- **Task statement**: Would you repeat word for word the lines of the listing that follows, from the one with "[한국어촌어항공단] 2024년 FiPA" up to and including the one with "独家进口团补加500组!乐事", and leave out the images?

****************************************

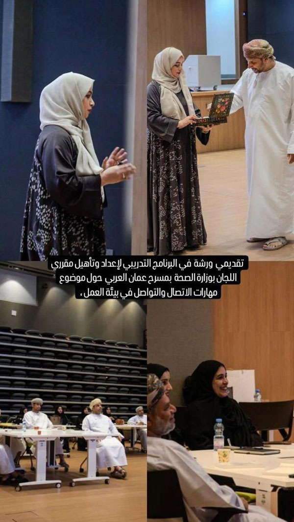 قدمت الأستاذة منيرة بنت سالم العمارية بقسم الأبتكار ونقل التكنولوجيا ورشة تدريبية عن (مهارات الأتصال الفعال في بيئة العمل) وكان من ضمن البرنامج التدريبي لبرنامج ( أعداد وتأهيل مقرري اللجان ) بوكالة وزارة الصحة للشؤون الأدارية والمالية والتخطيط الذي نفذه قسم اللجان بالوكالة. شكرا لرئيس قسم اللجان بمكتب سعادة الدكتورة وكيلة وزارة الصحة للشؤون الإدارية والمالية والتخطيط الأستاذ الفاضل / مالك اللمكي على مد جسر التعاون بيننا وبينهم
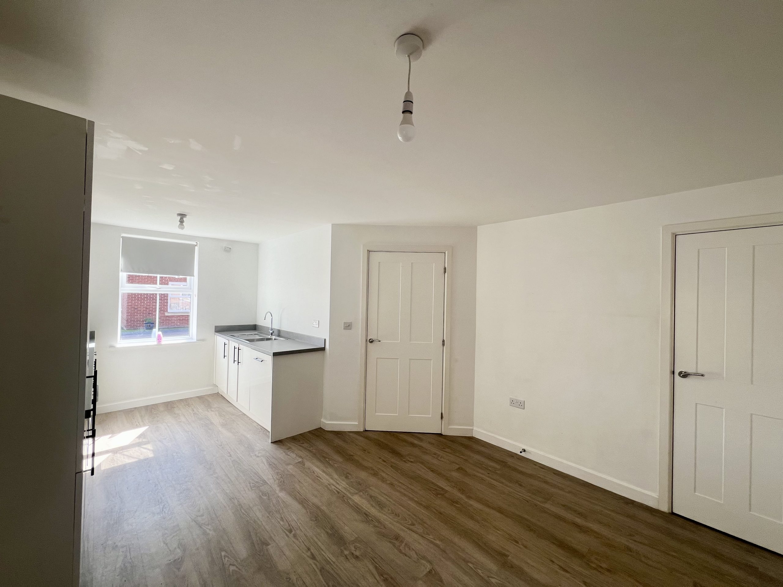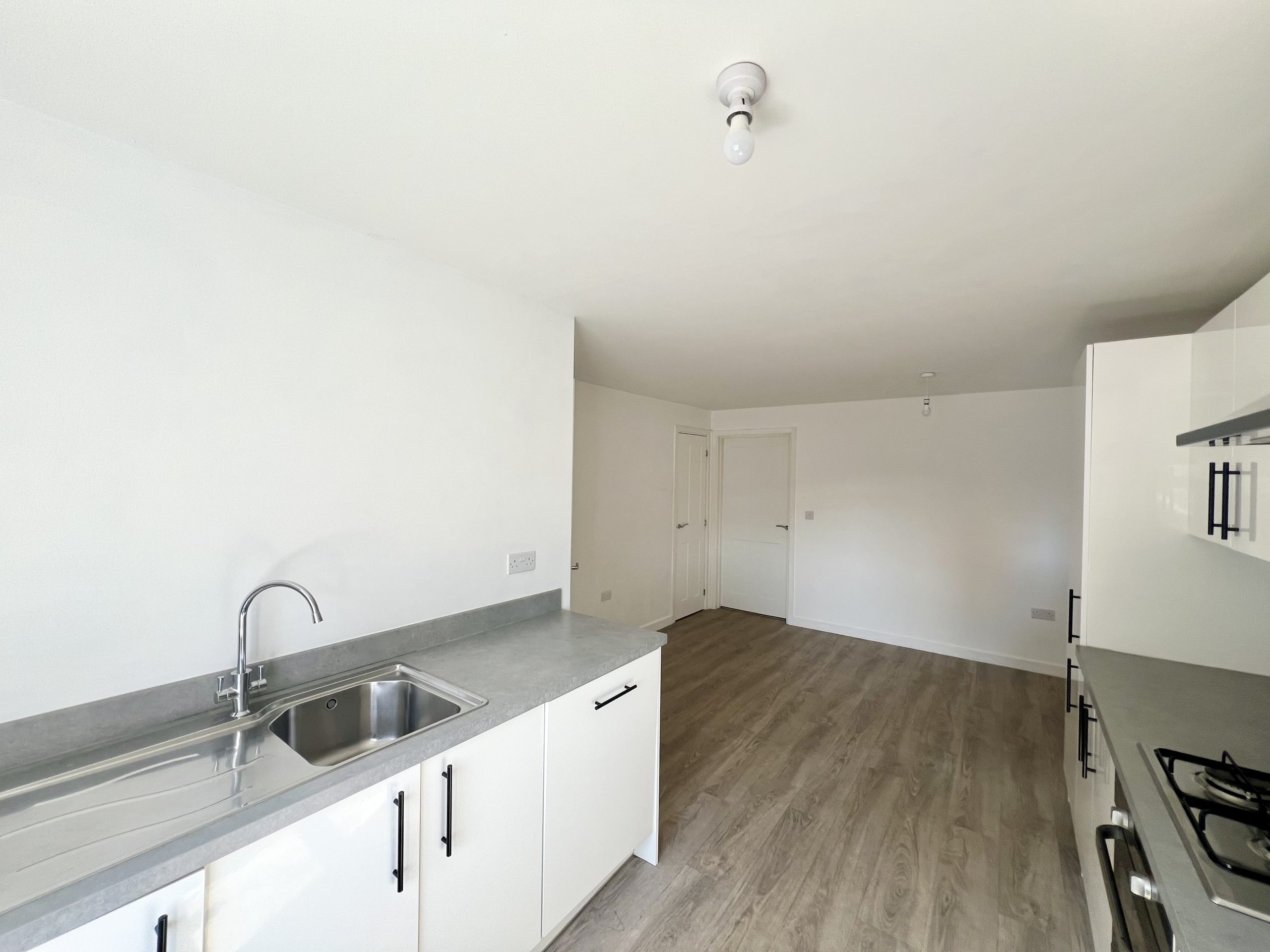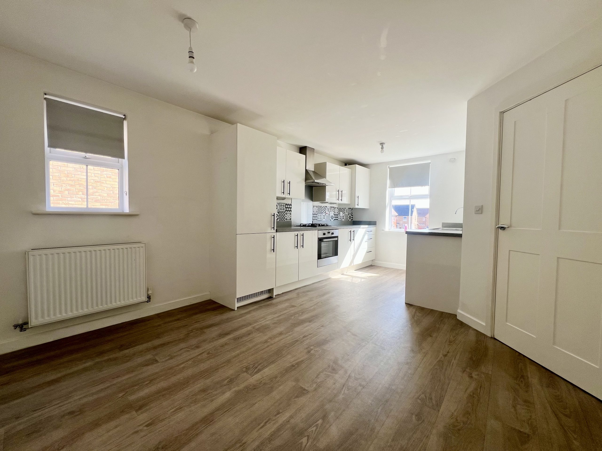 There is a well-appointed kitchen/diner which is fitted with a range of contemporary high-gloss white wall and base units, complemented by contrasting work surfaces. Integrated appliances include an oven with gas hob and extractor hood, dishwasher, fridge, freezer, and washing machine. The space further benefits from a useful storage cupboard and provides direct access to the lounge. The dining area offers ample space for a table and chairs and is finished with wood-effect flooring, a radiator, and pendant lighting, creating a bright and versatile setting ideal for both everyday living and entertaining.
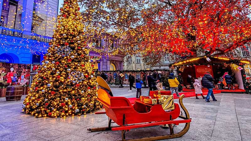 Hver aften breder duften af nybagte kager og grillede pølser sig gennem de brostensbelagte gader, og du kan varme dig med en kop varm vin eller kakao, mens du nyder lyden af julekor og levende musik.
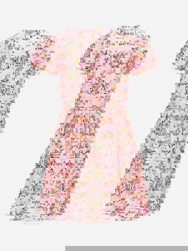 Moschino brings unique energy and wistful elegance to Italian design. This girls’ dress has an all-over floral print with teddy bear imagery, finished in pink for a playful look.
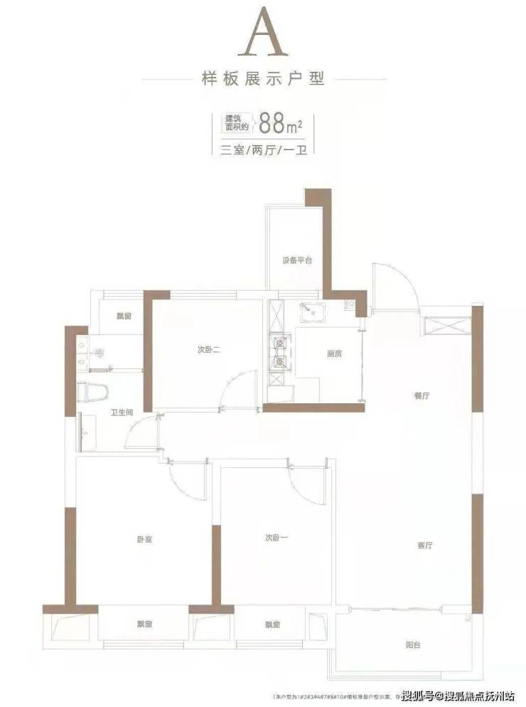建面约88平3房2厅1卫
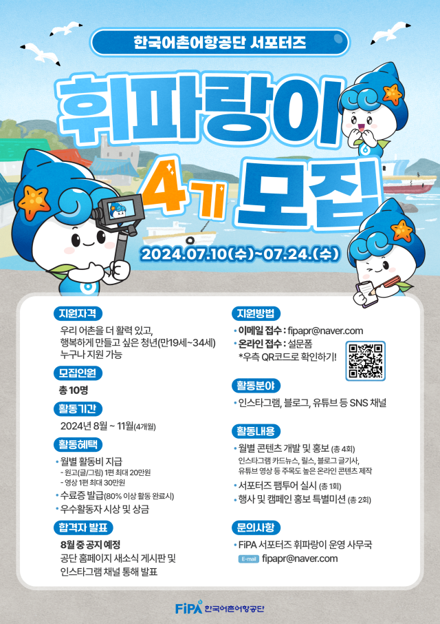 [한국어촌어항공단] 2024년 FiPA 서포터즈 <휘파랑이> 4기 모집 공고 (~7/24)
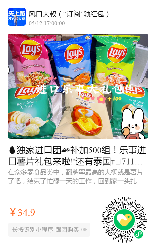 独家进口团补加500组!乐事进口薯片礼包来啦‼️还有泰国🇹🇭711最新上市的爆款——乐事咸蛋黄薯片【泰式色拉味/鱿鱼味/酥脆大虾味/咸蛋黄味/洋葱味】平均一袋*要5.8 结束了忙碌一天的工作🏻回到家一头扎进松软的沙发,随手拿出一包薯片,看着电视。全身得到放松
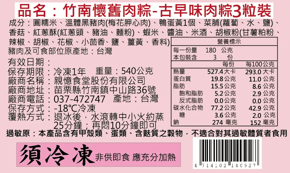 竹南懷舊肉粽深受各大媒體與美食家的讚賞,從原料採買、清洗處理、內餡製作到包粽過程皆秉持一貫處理,其肉香、粽香融合,米粒均勻的吸收了香味,用料簡單卻充滿濃濃的古早味。此次採用素有『黃金蛋』之稱的「開發牧場」所生產之蛋黃,無砷、無抗生素、無荷爾蒙、低膽固醇之特性,蛋黃香氣十足。讓您吃的健康又回味。並榮獲2018年蘋果日報評比量販組台灣粽第一名。

****************************************

- **Completed task**:
 [한국어촌어항공단] 2024년 FiPA 서포터즈 <휘파랑이> 4기 모집 공고 (~7/24)
 独家进口团补加500组!乐事进口薯片礼包来啦‼️还有泰国🇹🇭711最新上市的爆款——乐事咸蛋黄薯片【泰式色拉味/鱿鱼味/酥脆大虾味/咸蛋黄味/洋葱味】平均一袋*要5.8 结束了忙碌一天的工作🏻回到家一头扎进松软的沙发,随手拿出一包薯片,看着电视。全身得到放松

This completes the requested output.